In Cebu’s case, the remaining 70 percent or P84.9 million is allocated for disaster prevention and mitigation.

Tribunalo said the bulk of the budget for disaster preparedness would be spent for the development of an early warning system in towns and cities while P15 million would be spent to come up with a new hazard, vulnerability and capacity map.

A total of P13.5 million was earmarked for training and capacity building sessions for disaster managers.

Cebu is also planning to build a P7.5 million emergency operations center and acquire P13 million worth of rescue and heavy equipment.

Tribunalo has been assessing the disaster preparedness of each town and city based on the following criteria: (1) a local office for disaster risk reduction office; (2) a designated DRRM officer; (3) contingency plan; (4) disaster risk reduction plan based on the hazard maps; (5) vehicles and (6) communications.
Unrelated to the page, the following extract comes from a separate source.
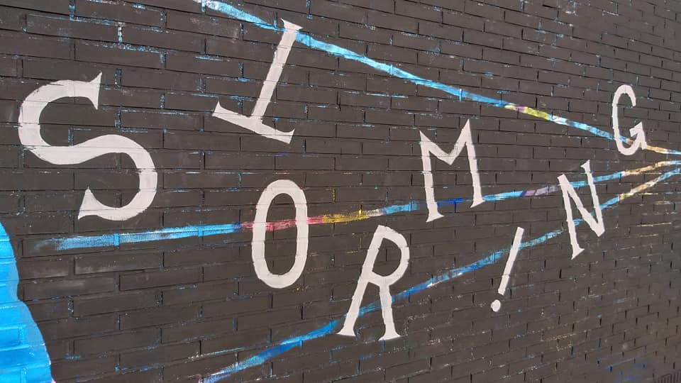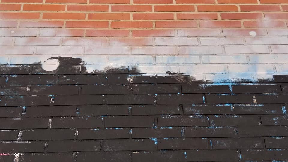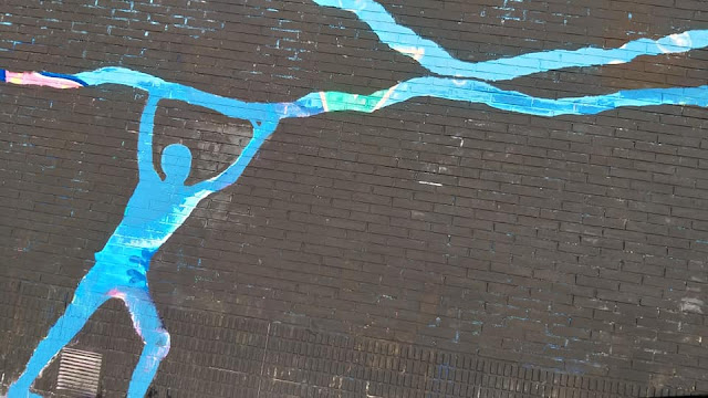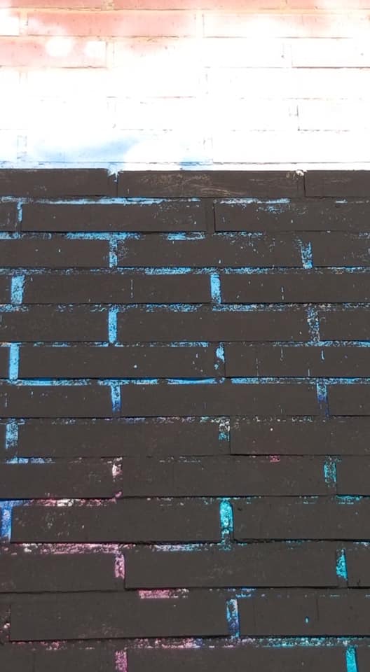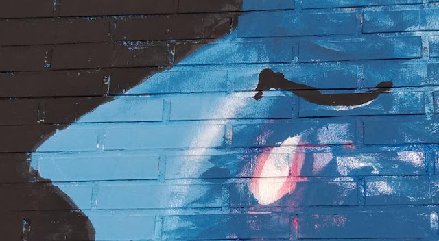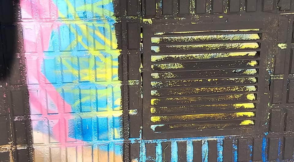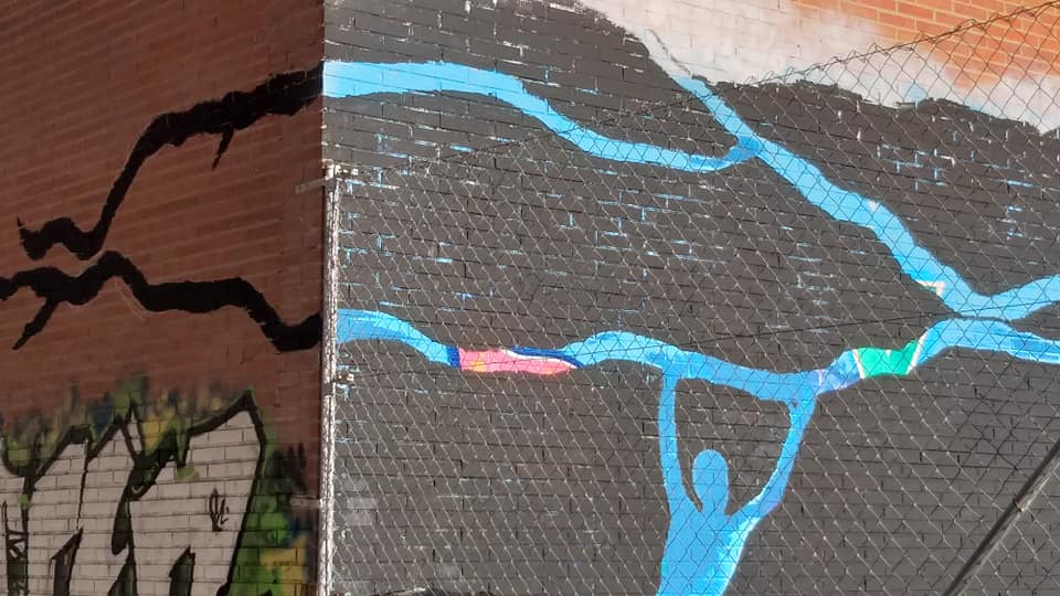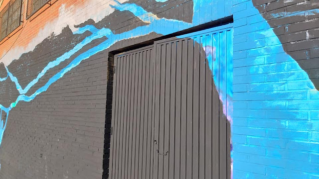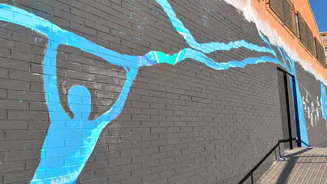 Recordando la terrible imágen de miles de peces saliendo del Mar Menor en busca de oxígeno, el anterior graffiti se ha cubierto con pintura negra en la que asoma el azul del mar en tres siluetas. La primera es el perfil de una cabeza de gran tamaño que sopla con gran fuerza sobre la segunda, un gran árbol que se vence ante la ACCIÓN HUMANA. La tercera silueta, de tamaño natural, es una figura humana que intenta sostener el peso del árbol cuyas ramas caen sobre él.

“Right now we are doing awareness training. It has to start from there. There are a lot of challenges along the way. DRRM is a lifetime of work and must be a way of life. It should not be taken by piecemeal but must be attacked holistically,” he said.

Carcar: Trying to be ready

Except for the bell that fell from the church’s bell tower, there was not much damage reported in Carcar City in last year’s earthquake.

Nonetheless, Carcar City is slowly trying to prepare itself for the next disaster.

Diomedes Campugan, head of City Hall’s utility and services, was recently appointed as the city’s DRRM officer.

“We admit we are not really equipped but we are trying to be,” Campugan said as he showed CDN their newly acquired ropes, helmets, hand-held radios among others.

The city government has also acquired an ambulance, a man-lift truck and will soon install a mini weather station.

Campugan said Carcar City has allotted P17 million for the disaster office alone.

They have also launched a volunteer recruitment campaign.

“Since the earthquake, we asked MGB (Mines and Geosciences Bureau) to conduct a survey and have a reevaluation of the areas where an active fault line may be found. We will also evaluate what to do when it is done,” Campugan said.